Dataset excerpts
▼
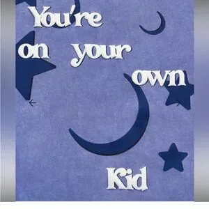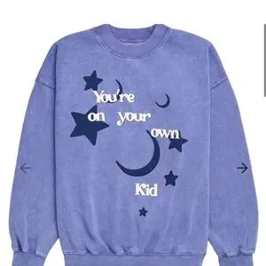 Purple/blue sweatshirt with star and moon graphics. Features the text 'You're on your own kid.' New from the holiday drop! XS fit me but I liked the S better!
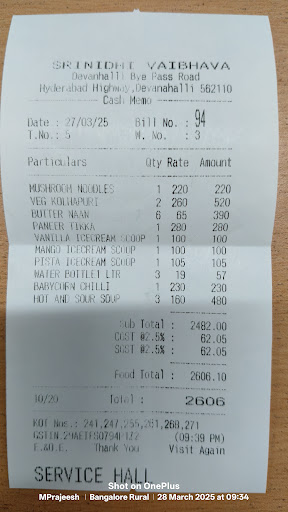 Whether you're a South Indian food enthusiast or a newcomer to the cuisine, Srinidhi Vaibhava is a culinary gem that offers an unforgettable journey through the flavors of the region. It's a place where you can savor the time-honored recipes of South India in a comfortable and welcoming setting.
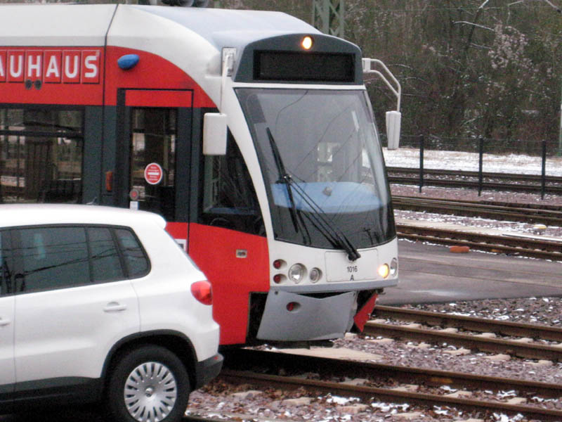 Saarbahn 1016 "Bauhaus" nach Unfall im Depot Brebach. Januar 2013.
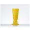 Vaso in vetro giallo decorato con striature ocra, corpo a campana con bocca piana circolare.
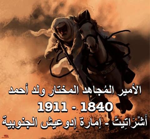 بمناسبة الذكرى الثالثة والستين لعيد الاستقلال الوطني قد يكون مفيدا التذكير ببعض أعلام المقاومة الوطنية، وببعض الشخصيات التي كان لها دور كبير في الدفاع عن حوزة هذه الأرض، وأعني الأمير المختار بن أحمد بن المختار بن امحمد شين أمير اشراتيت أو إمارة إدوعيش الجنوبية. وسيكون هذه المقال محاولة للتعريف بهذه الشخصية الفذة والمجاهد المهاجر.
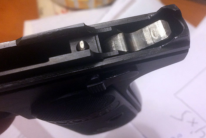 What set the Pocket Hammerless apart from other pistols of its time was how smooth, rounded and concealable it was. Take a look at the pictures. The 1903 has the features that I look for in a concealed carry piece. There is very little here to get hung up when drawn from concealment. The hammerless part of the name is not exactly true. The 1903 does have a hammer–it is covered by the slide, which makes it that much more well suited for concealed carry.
▲
Exercise goal:
Skip the pictures, then return the rest of the data exactly.

Written reply:
 Purple/blue sweatshirt with star and moon graphics. Features the text 'You're on your own kid.' New from the holiday drop! XS fit me but I liked the S better!
 Whether you're a South Indian food enthusiast or a newcomer to the cuisine, Srinidhi Vaibhava is a culinary gem that offers an unforgettable journey through the flavors of the region. It's a place where you can savor the time-honored recipes of South India in a comfortable and welcoming setting.
 Saarbahn 1016 "Bauhaus" nach Unfall im Depot Brebach. Januar 2013.
 Vaso in vetro giallo decorato con striature ocra, corpo a campana con bocca piana circolare.
 بمناسبة الذكرى الثالثة والستين لعيد الاستقلال الوطني قد يكون مفيدا التذكير ببعض أعلام المقاومة الوطنية، وببعض الشخصيات التي كان لها دور كبير في الدفاع عن حوزة هذه الأرض، وأعني الأمير المختار بن أحمد بن المختار بن امحمد شين أمير اشراتيت أو إمارة إدوعيش الجنوبية. وسيكون هذه المقال محاولة للتعريف بهذه الشخصية الفذة والمجاهد المهاجر.
 What set the Pocket Hammerless apart from other pistols of its time was how smooth, rounded and concealable it was. Take a look at the pictures. The 1903 has the features that I look for in a concealed carry piece. There is very little here to get hung up when drawn from concealment. The hammerless part of the name is not exactly true. The 1903 does have a hammer–it is covered by the slide, which makes it that much more well suited for concealed carry.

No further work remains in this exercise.